Abstract

Abstract The increasing global environmental and energy crisis has urgently motivated the advancement of sustainable materials. Significant effort has been focused on developing new materials to replace the fossil‐based resists in the semiconductor industry based on greener sources such as ice, dry ice, small organic molecules, and proteins. Such resist materials, however, have yet to meet the stringent requirements of high sensitivity, high resolution, reliable repeatability, and good compatibility with the current protocols.
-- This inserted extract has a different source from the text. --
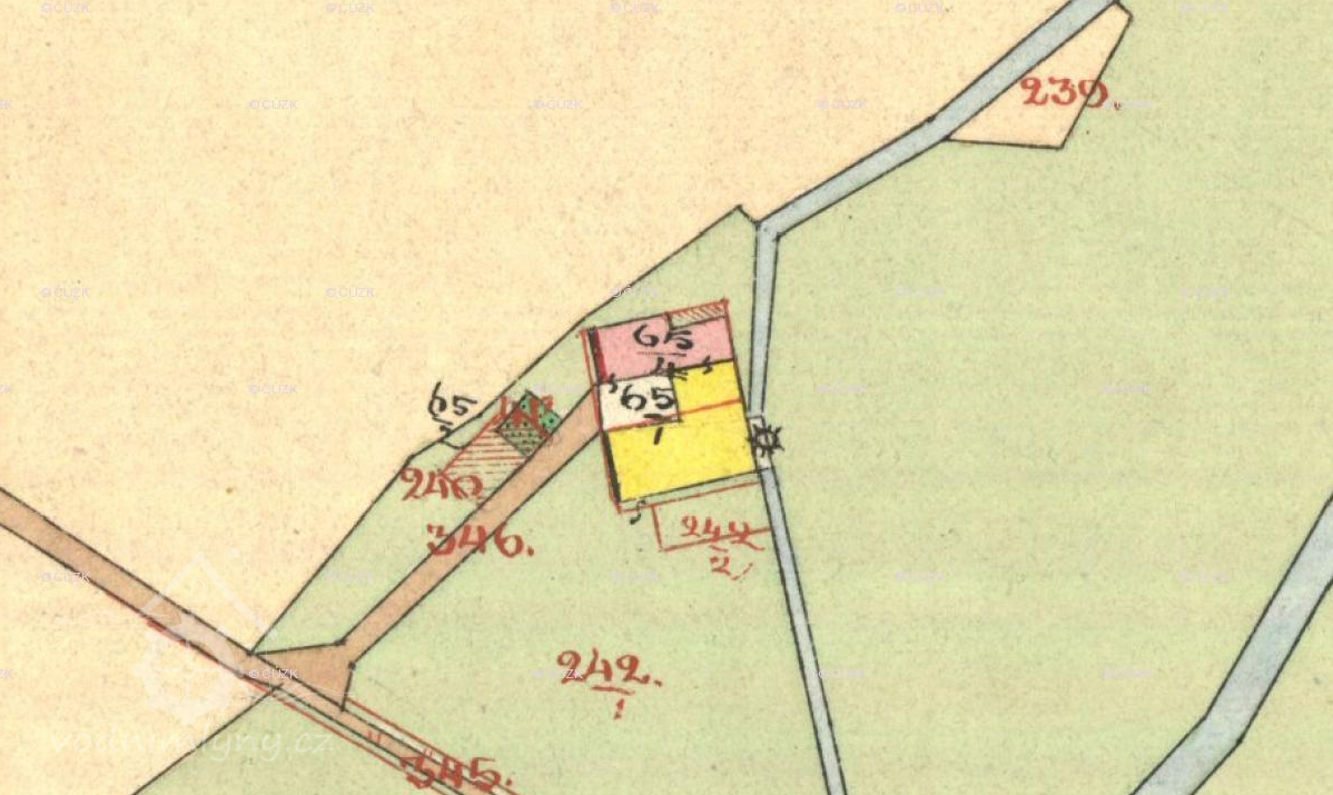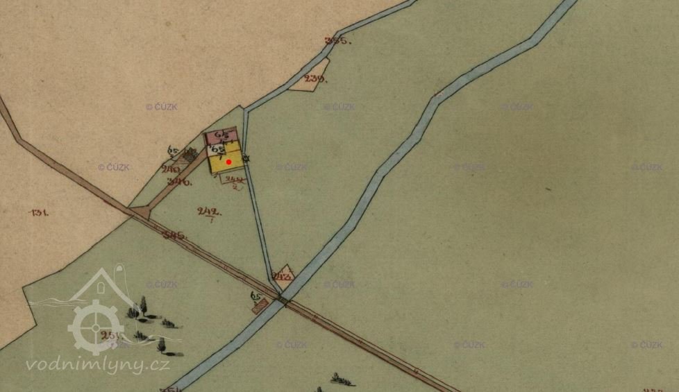 Samota,dům čp.12/st.p.65/1 v katastrálním území Lenora/Schattawa/.Mlýn je zobrazen na mapě Stabilního katastru:Čechy:3860-2-k.ú.Lenora,mapový list č.003.

To this end, CO 2 ‐based polycarbonates (CO 2 ‐PCs) obtained from the copolymerization of CO 2 and epoxides are demonstrated as sustainable dual‐tone (positive & negative tone) resists for electron beam lithography. By adjusting the chemical structure, developing agent, and molecular weight, the CO 2 ‐PCs present high sensitivities to electron beam (1.3/120 µ C cm −2 ), narrow critical dimensions (29/58 nm), and moderate line edge roughness (4.6/26.7 nm) for negative and positive resists, respectively. A deep understanding of the exposure mechanism of CO 2 ‐PC resists is provided on the basis of the Fourier transform infrared, Raman, and electron ionization mass spectroscopy. 2D photonic crystal devices are fabricated using the negative and positive CO 2 ‐PC resists, respectively, and both devices show distinct colors derived from their well‐defined nanostructures, indicating the great practical potential of CO 2 ‐derived electron beam resists.